Goal of the exercise = Write the data out again exactly, with no pictures.

Data extract =
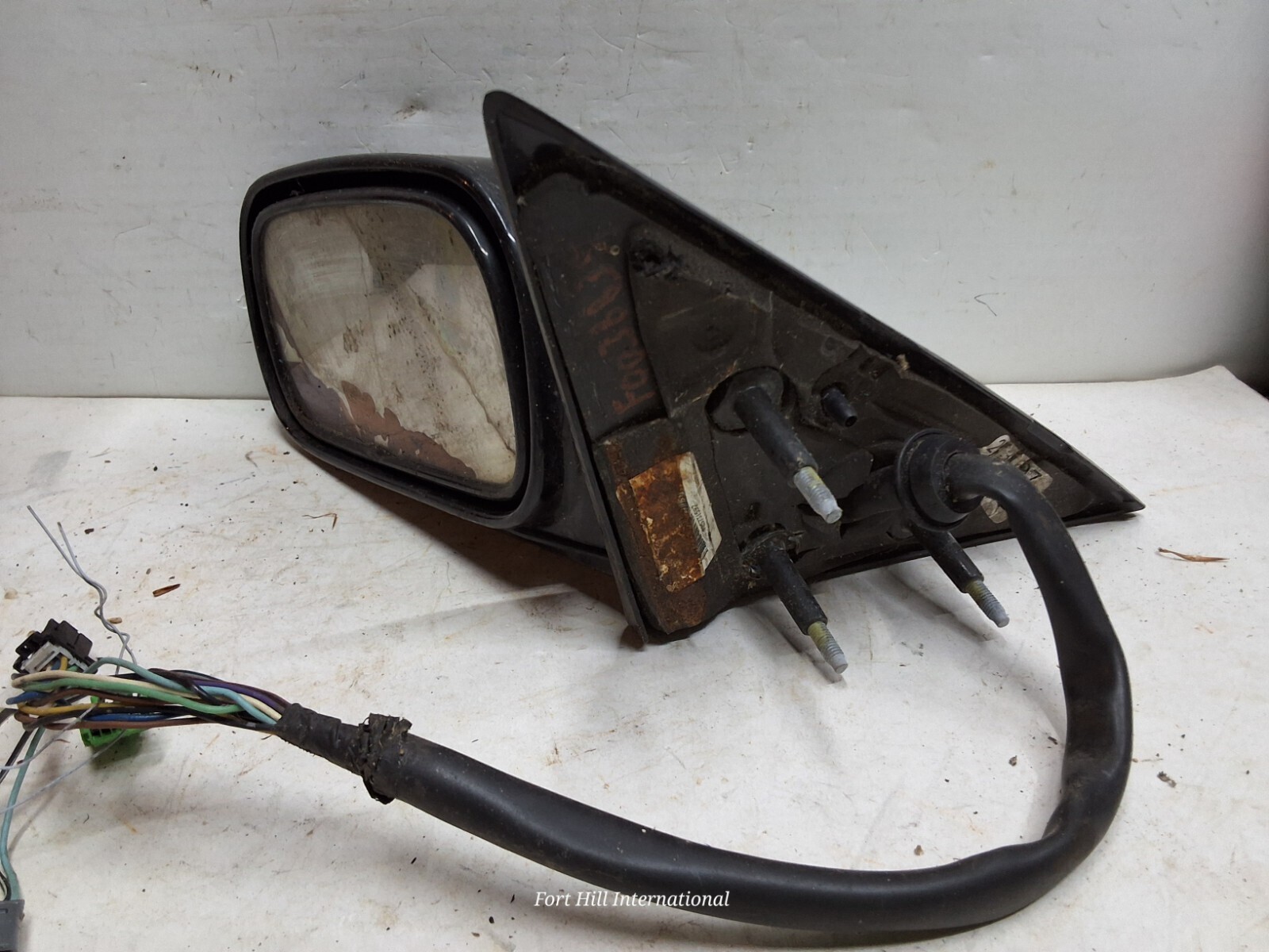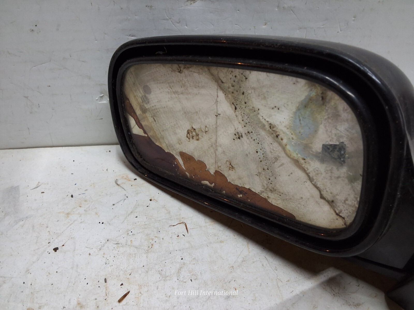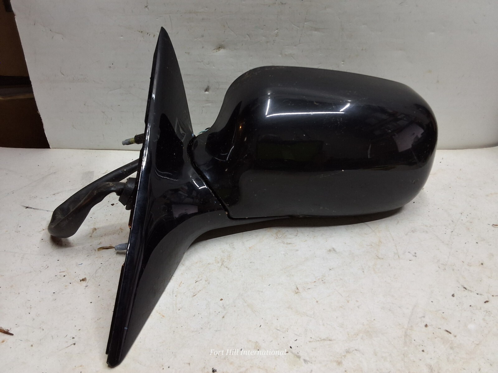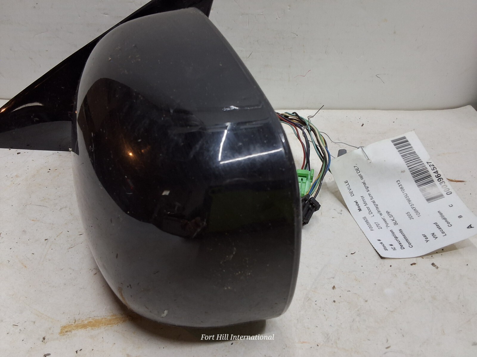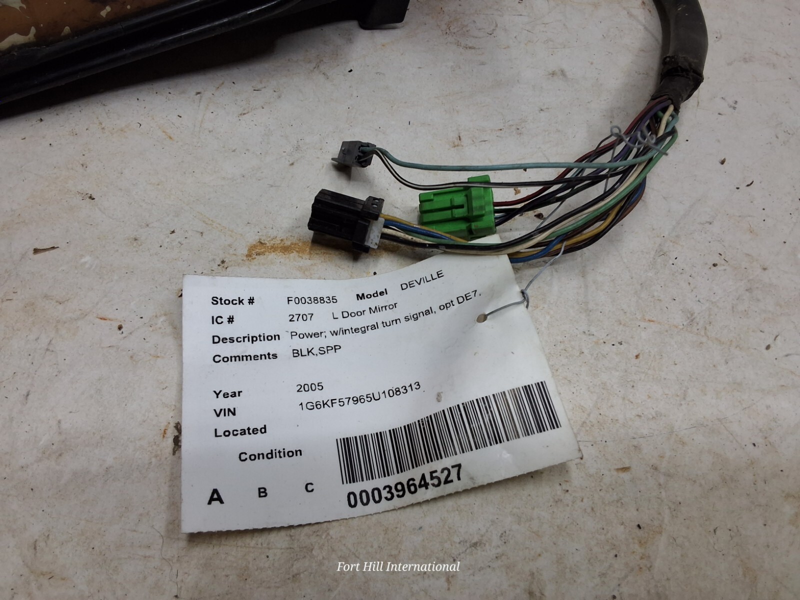 2003 through 2005 Cadillac DeVille left driver's black door mirror with integrated turn signal. 3 plugs grey has 2 wires, green has 4 wires, black has 8 wires. Glass has been delaminated and cracked and will need to be replaced.
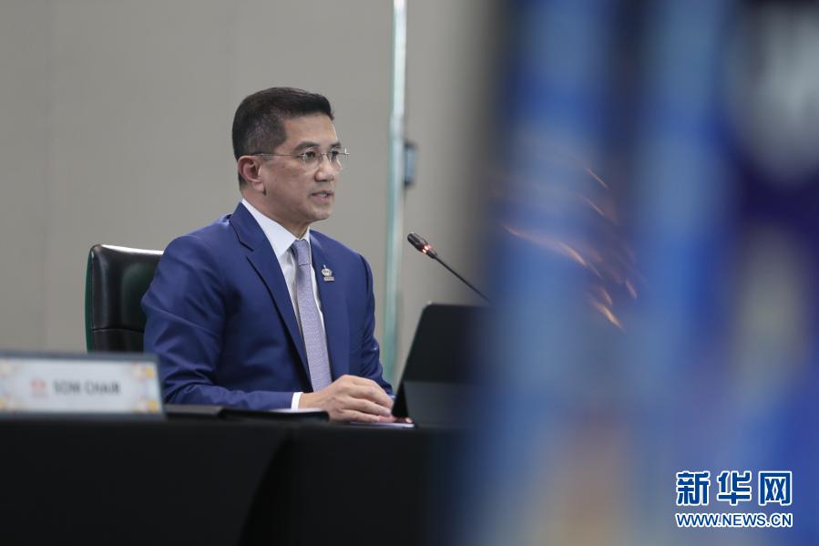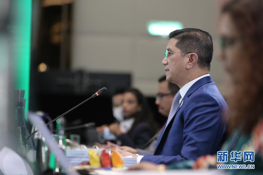 11月16日,在馬來西亞吉隆坡,馬來西亞國際貿易和工業(yè)部部長阿茲明·阿里在亞太經濟合作組織部長會議上講話。新華社發(fā)(亞太經合組織供圖)
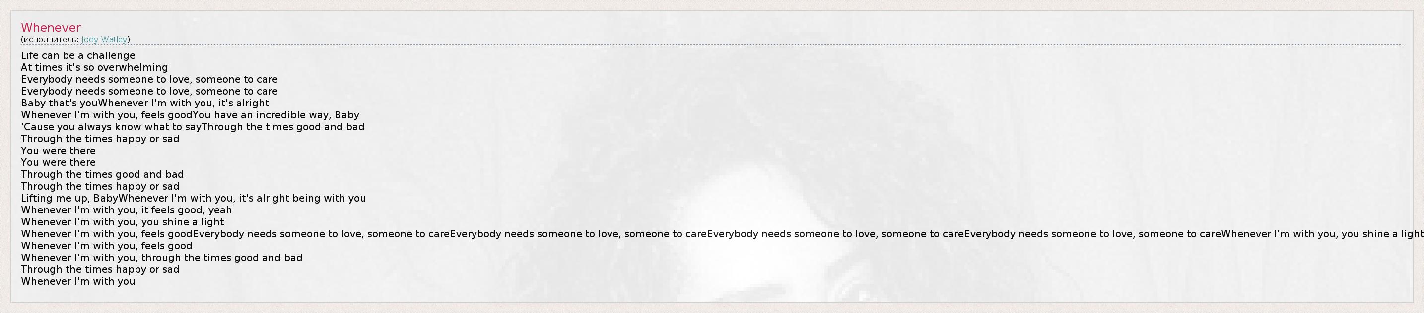 Life can be a challenge At times it's so overwhelming Everybody needs someone to love, someone to care Everybody needs someone to love, someone to care Baby that's youWhenever I'm with you, it's alright Whenever I'm with you, feels goodYou have an incredible way, Baby 'Cause you always know what to sayThrough the times good and bad Through the times happy or sad You were there You were there Through the times good and bad Through the times happy or sad Lifting me up, BabyWhenever I'm with you, it's alright being with you Whenever I'm with you, it feels good, yeah Whenever I'm with you, you shine a light Whenever I'm with you, feels goodEverybody needs someone to love, someone to careEverybody needs someone to love, someone to careEverybody needs someone to love, someone to careEverybody needs someone to love, someone to careWhenever I'm with you, you shine a light Whenever I'm with you, feels good Whenever I'm with you, through the times good and bad Through the times happy or sad Whenever I'm with you
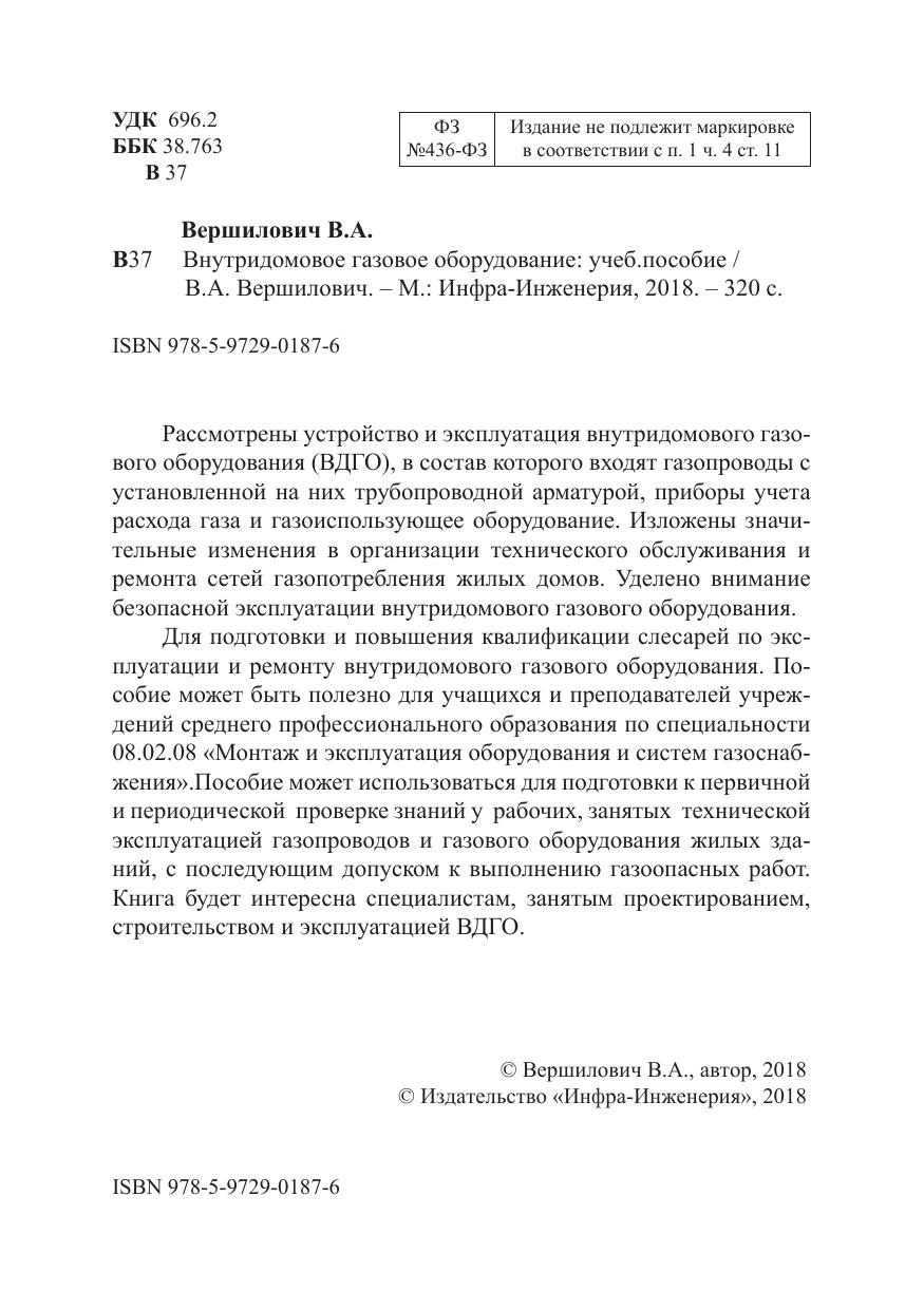Рассмотрены устройство и эксплуатация внутридомового газового оборудования (ВДГО), в состав которого входят газопроводы с установленной на них трубопроводной арматурой, приборы учета расхода газа и газоиспользующее оборудование. Изложены значительные изменения в организации технического обслуживания и ремонта сетей газопотребления жилых домов. Уделено внимание безопасной эксплуатации внутридомового газового оборудования.

The answer =
 2003 through 2005 Cadillac DeVille left driver's black door mirror with integrated turn signal. 3 plugs grey has 2 wires, green has 4 wires, black has 8 wires. Glass has been delaminated and cracked and will need to be replaced.
 11月16日,在馬來西亞吉隆坡,馬來西亞國際貿易和工業(yè)部部長阿茲明·阿里在亞太經濟合作組織部長會議上講話。新華社發(fā)(亞太經合組織供圖)
 Life can be a challenge At times it's so overwhelming Everybody needs someone to love, someone to care Everybody needs someone to love, someone to care Baby that's youWhenever I'm with you, it's alright Whenever I'm with you, feels goodYou have an incredible way, Baby 'Cause you always know what to sayThrough the times good and bad Through the times happy or sad You were there You were there Through the times good and bad Through the times happy or sad Lifting me up, BabyWhenever I'm with you, it's alright being with you Whenever I'm with you, it feels good, yeah Whenever I'm with you, you shine a light Whenever I'm with you, feels goodEverybody needs someone to love, someone to careEverybody needs someone to love, someone to careEverybody needs someone to love, someone to careEverybody needs someone to love, someone to careWhenever I'm with you, you shine a light Whenever I'm with you, feels good Whenever I'm with you, through the times good and bad Through the times happy or sad Whenever I'm with you
Рассмотрены устройство и эксплуатация внутридомового газового оборудования (ВДГО), в состав которого входят газопроводы с установленной на них трубопроводной арматурой, приборы учета расхода газа и газоиспользующее оборудование. Изложены значительные изменения в организации технического обслуживания и ремонта сетей газопотребления жилых домов. Уделено внимание безопасной эксплуатации внутридомового газового оборудования.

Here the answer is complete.